### Exercise goal
Everything in the listing except the pictures should be written out exactly.

Segment Start: Data

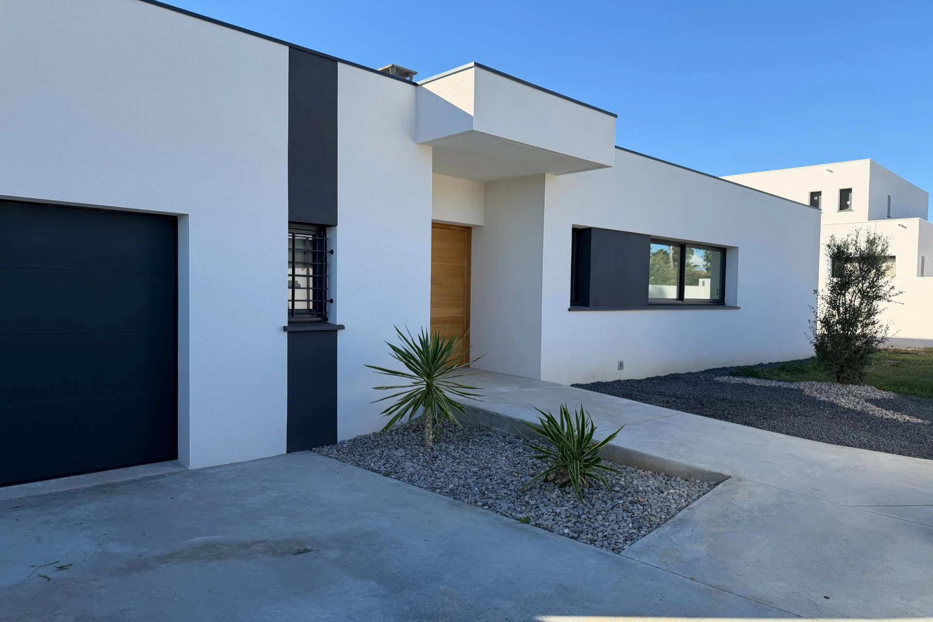 Une villa contemporaine neuve d'une surface habitable de 110,94m² sur un terrain d'une superficie de 539m², composée d'un hall d'entrée, séjour-salon avec cuisine ouverte, 3 chambres dont 1 suite avec dressing et salle d'eau privative avec wc. Une salle d'eau avec wc. Un toilette séparé. Un garage de 26m². Livraison Février 2026. Possibilité piscine en supplément.
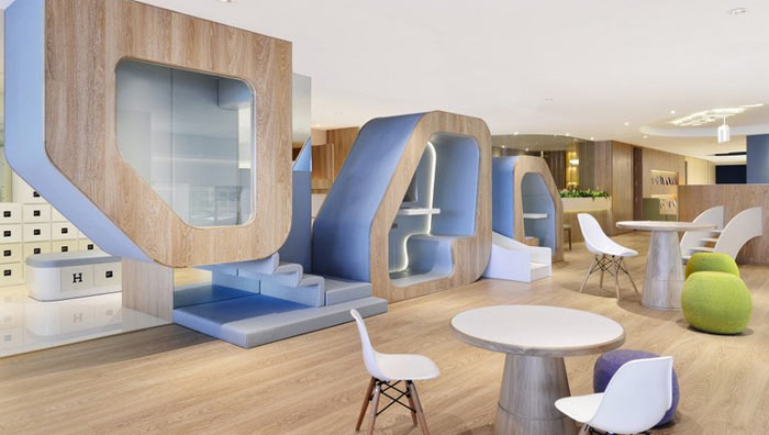 兒童教育培訓(xùn)機構(gòu)接待區(qū)設(shè)計:說是接待區(qū)其實也兼顧洽談與休閑,在設(shè)計中設(shè)計師在同一個空間內(nèi),設(shè)計并放置了兩套家具系統(tǒng),目的就是滿足兒童和成人各自的需求。
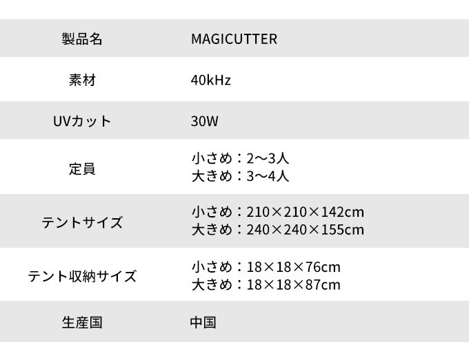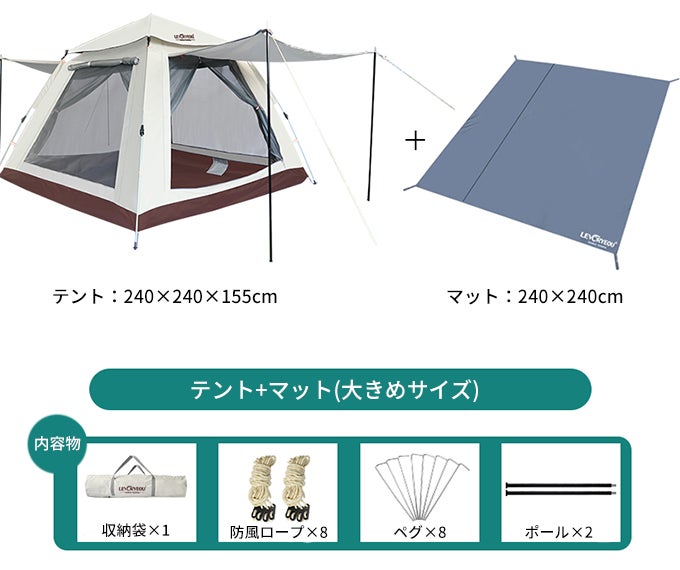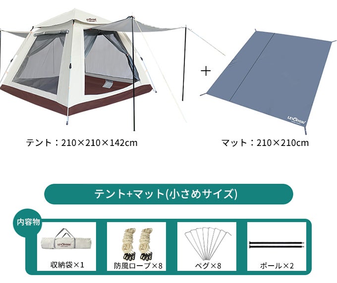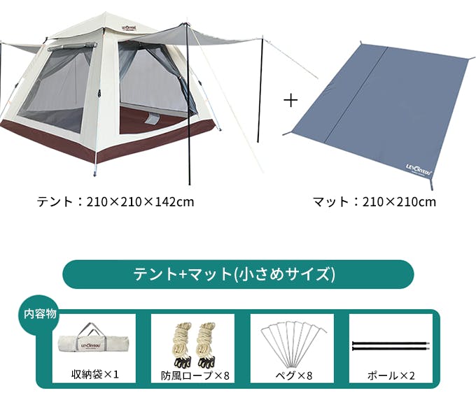 テントのサイズは210×210cm、240×240cmの2種類からお選びいただけます。

Segment End: Data

### Answer to this exercise
 Une villa contemporaine neuve d'une surface habitable de 110,94m² sur un terrain d'une superficie de 539m², composée d'un hall d'entrée, séjour-salon avec cuisine ouverte, 3 chambres dont 1 suite avec dressing et salle d'eau privative avec wc. Une salle d'eau avec wc. Un toilette séparé. Un garage de 26m². Livraison Février 2026. Possibilité piscine en supplément.
 兒童教育培訓(xùn)機構(gòu)接待區(qū)設(shè)計:說是接待區(qū)其實也兼顧洽談與休閑,在設(shè)計中設(shè)計師在同一個空間內(nèi),設(shè)計并放置了兩套家具系統(tǒng),目的就是滿足兒童和成人各自的需求。
 テントのサイズは210×210cm、240×240cmの2種類からお選びいただけます。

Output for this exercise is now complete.